== WHAT IS NEEDED ==
In the material below, the required lines run from the one containing "招生宣传队分别到了柘城县高级" through the one containing "I LOVED wearing". Copy those lines exactly, ends included, and nothing else.

== EXTRACTED INFORMATION ==
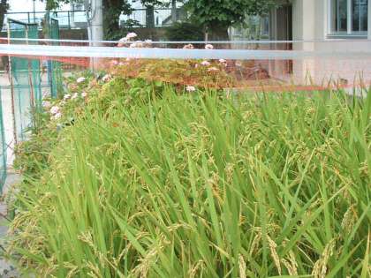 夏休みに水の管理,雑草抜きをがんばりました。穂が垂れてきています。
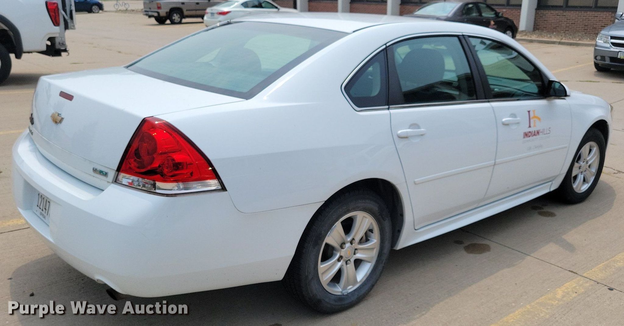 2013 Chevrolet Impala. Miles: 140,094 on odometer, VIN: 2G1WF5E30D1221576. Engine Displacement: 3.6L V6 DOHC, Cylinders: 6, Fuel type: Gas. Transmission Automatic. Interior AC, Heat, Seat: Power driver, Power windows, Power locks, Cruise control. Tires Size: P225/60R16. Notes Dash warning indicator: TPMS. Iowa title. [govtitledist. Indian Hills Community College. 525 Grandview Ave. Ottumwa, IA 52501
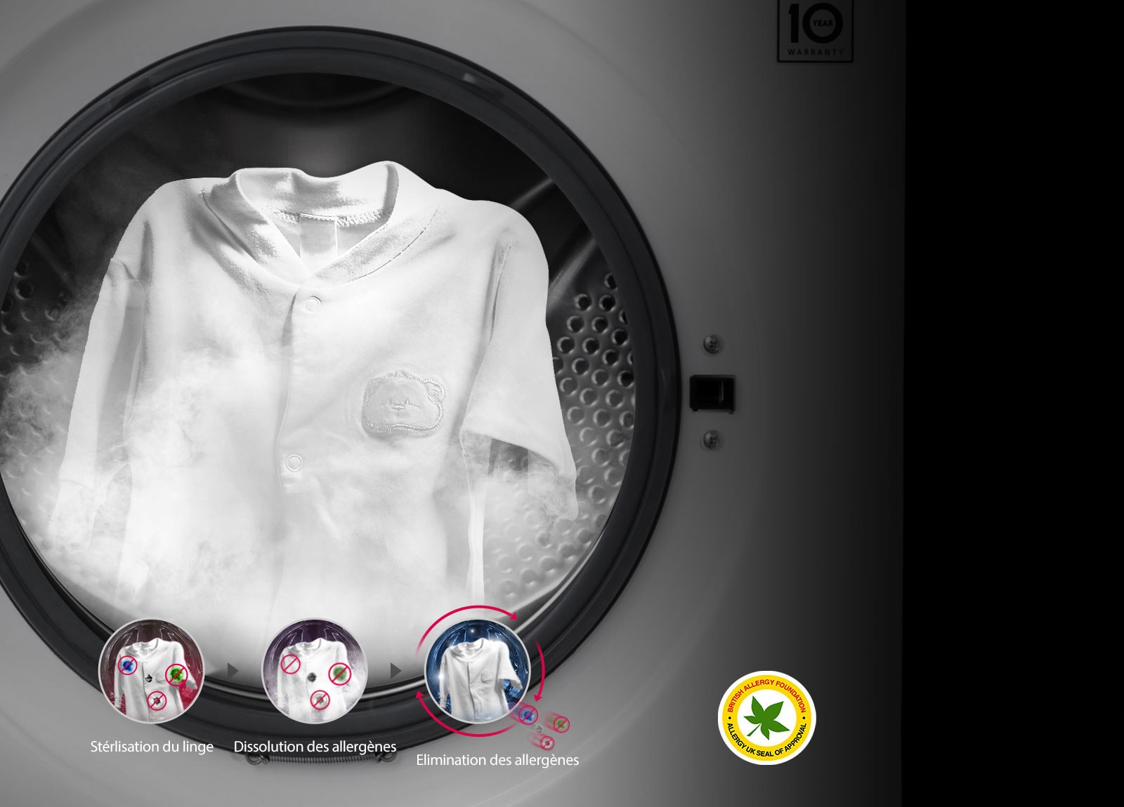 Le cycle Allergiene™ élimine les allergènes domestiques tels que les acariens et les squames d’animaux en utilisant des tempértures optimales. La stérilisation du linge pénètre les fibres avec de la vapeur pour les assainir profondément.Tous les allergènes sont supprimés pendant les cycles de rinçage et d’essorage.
==
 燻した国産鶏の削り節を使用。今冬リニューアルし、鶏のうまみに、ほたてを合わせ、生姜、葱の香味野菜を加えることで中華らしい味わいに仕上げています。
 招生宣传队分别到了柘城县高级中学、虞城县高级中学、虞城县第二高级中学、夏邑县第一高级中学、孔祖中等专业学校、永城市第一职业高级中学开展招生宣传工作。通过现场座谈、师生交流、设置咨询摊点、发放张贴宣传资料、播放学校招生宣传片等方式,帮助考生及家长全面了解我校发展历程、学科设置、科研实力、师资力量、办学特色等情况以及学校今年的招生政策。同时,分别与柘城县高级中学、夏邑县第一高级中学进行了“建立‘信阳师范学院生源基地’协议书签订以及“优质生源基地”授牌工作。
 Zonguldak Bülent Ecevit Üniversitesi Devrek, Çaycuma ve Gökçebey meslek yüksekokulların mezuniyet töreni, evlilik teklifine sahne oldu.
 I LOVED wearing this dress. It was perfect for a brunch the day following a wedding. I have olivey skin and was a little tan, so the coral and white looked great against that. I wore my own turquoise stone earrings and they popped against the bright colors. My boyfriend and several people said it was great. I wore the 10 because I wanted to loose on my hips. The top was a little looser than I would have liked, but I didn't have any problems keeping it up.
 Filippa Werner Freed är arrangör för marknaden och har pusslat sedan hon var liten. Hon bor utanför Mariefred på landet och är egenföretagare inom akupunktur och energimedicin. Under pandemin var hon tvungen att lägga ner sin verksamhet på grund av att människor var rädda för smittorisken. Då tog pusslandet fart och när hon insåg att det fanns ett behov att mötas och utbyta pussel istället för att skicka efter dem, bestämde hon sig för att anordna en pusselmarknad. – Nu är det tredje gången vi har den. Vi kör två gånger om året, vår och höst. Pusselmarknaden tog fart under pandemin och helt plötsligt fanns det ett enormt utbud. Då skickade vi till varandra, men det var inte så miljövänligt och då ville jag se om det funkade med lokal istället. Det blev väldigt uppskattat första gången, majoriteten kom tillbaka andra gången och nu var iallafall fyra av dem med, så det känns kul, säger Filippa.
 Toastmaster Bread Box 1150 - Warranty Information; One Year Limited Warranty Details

== EXERCISE SOLUTION ==
 招生宣传队分别到了柘城县高级中学、虞城县高级中学、虞城县第二高级中学、夏邑县第一高级中学、孔祖中等专业学校、永城市第一职业高级中学开展招生宣传工作。通过现场座谈、师生交流、设置咨询摊点、发放张贴宣传资料、播放学校招生宣传片等方式,帮助考生及家长全面了解我校发展历程、学科设置、科研实力、师资力量、办学特色等情况以及学校今年的招生政策。同时,分别与柘城县高级中学、夏邑县第一高级中学进行了“建立‘信阳师范学院生源基地’协议书签订以及“优质生源基地”授牌工作。
 Zonguldak Bülent Ecevit Üniversitesi Devrek, Çaycuma ve Gökçebey meslek yüksekokulların mezuniyet töreni, evlilik teklifine sahne oldu.
 I LOVED wearing this dress. It was perfect for a brunch the day following a wedding. I have olivey skin and was a little tan, so the coral and white looked great against that. I wore my own turquoise stone earrings and they popped against the bright colors. My boyfriend and several people said it was great. I wore the 10 because I wanted to loose on my hips. The top was a little looser than I would have liked, but I didn't have any problems keeping it up.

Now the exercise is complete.